按照在原始句子中出现的顺序提取所有匹配的子字符串

[英]Extract all matched substring with the order as they appeared in the original sentence

I have a list that stores the defined keywords, For example: 我有一个存储定义的关键字的列表,例如:

keywords = [
    "white shark",
    "tiger shark",
    "funnel web spider",
    "inland taipan"]

Now I made a sentence 现在我做了一个句子

str = "A tiger shark spotted here, and a white shark, and a funnel web spider"

From this sentence, I want to produce a result ["tiger shark", "white shark", "funnel web spider"] . 从这句话,我想产生一个结果["tiger shark", "white shark", "funnel web spider"] The keywords appeared in the sentence with their original order as they are in the sentence. 关键字以其在句子中的原始顺序出现在句子中。 Then, I made a code like this 然后,我做了这样的代码

for i in keywords:
    if not str.find(i) == -1:
          result.append(i)

This is gonna give me ["white shark", "tiger shark", "funnel web spider"] , The order is different than my expected result. 这将给我["white shark", "tiger shark", "funnel web spider"] ,顺序与我的预期结果不同。 And my mistake is quite obvious. 我的错误很明显。

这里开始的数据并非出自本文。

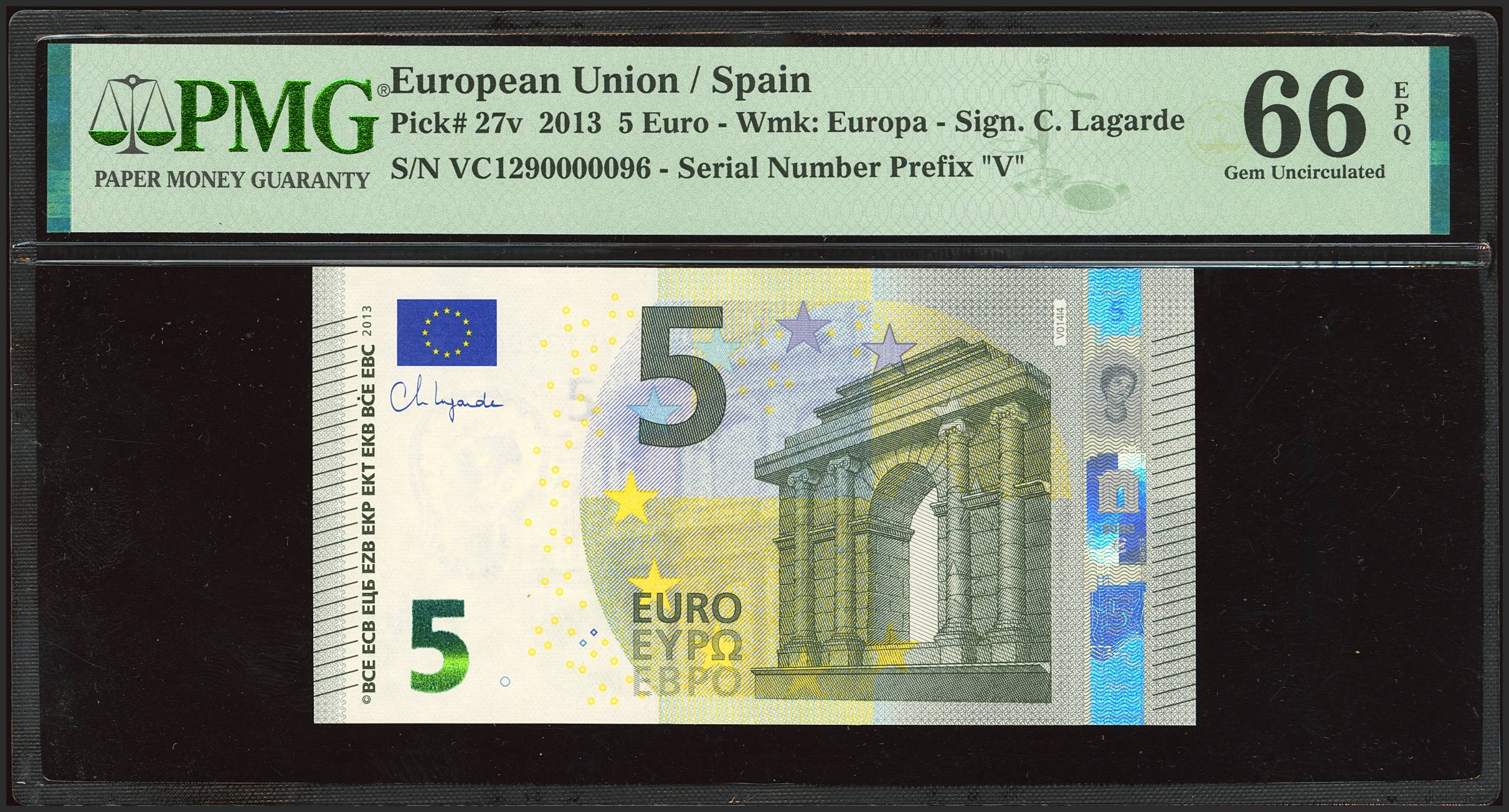5 Euros. 2013. Firma Lagarde. Serie VC (España). (Edifil 2023: 493Aa, Pick: 27v). SC. Encapsulado PMG66EPQ.

So my question is how to achieve the correct order for the result. 所以我的问题是如何获得正确的结果顺序。 I think the only way is to use the string to traverse the keyword list. 我认为唯一的方法是使用字符串遍历关键字列表。 But I think it's quite complicated as it involves many combinations. 但是我认为它很复杂,因为它涉及许多组合。 Any helps? 有帮助吗? Thank you so much. 非常感谢。

It's because you're appending them in order of keywords , instead we should save their indexes of appearance in my_str , to later order our words depending on their occurrence in my_str 这是因为您要按keywords顺序附加它们,而应将它们的出现索引保存在my_str ,以便以后根据单词在my_str的出现来对它们进行排序

keywords = [
    "white shark",
    "tiger shark",
    "funnel web spider",
    "inland taipan"]
my_str = "A tiger shark spotted here, and a white shark, and a funnel web spider"

result = []
for keyword in keywords:
    idx = my_str.find(keyword)
    if idx != -1:
        result.append((idx, keyword))

result = [i[1] for i in sorted(result)]  # Sorts by first item in tuple, idx

print(result) # -> ['tiger shark', 'white shark', 'funnel web spider']

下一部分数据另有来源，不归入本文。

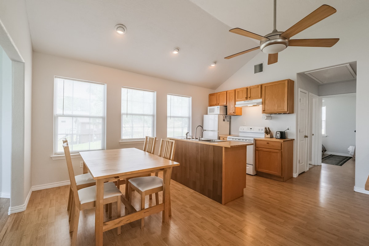 Genieße unser von Deutschland inspiriertes Ferienhaus am Lake Livingston! Es verfügt über zwei Küchen, 3 Schlafzimmer + Loft, gemütliche Wohnbereiche und entspannende private Außenbereiche mit einem neuen Whirlpool, um den schönen Wald rund um den See zu genießen. Es gibt so viel im Freien zu tun, vom Grillen, Abhängen, Wandern, Angeln, Kajakfahren, Picknicken und Wasserspaß. Unser Ferienhaus ist der perfekte Startplatz mit Seezugang gleich um die Ecke oder zum Erkunden aller Dinge im Freien. Ruhiges und ruhiges Doppelgrundstück und Nachbarschaft.

You could build a list of (index,keyword) and sort it. 您可以构建一个列表(索引,关键字)并对其进行排序。 Then extract keywords from the matching tuples. 然后从匹配的元组中提取关键字。

keywords = [
"white shark",
"tiger shark",
"funnel web spider",
"inland taipan"]
sentence = "A tiger shark spotted here, and a white shark, and a funnel web spider"

result = [ k for i,k in sorted( (sentence.find(k),k) for k in keywords) if i != -1 ]

print(result)
# ['tiger shark', 'white shark', 'funnel web spider']

You could also use a regular expression (form the re module): 您还可以使用正则表达式(形成re模块):

import re

result  = re.findall("|".join(keywords),sentence)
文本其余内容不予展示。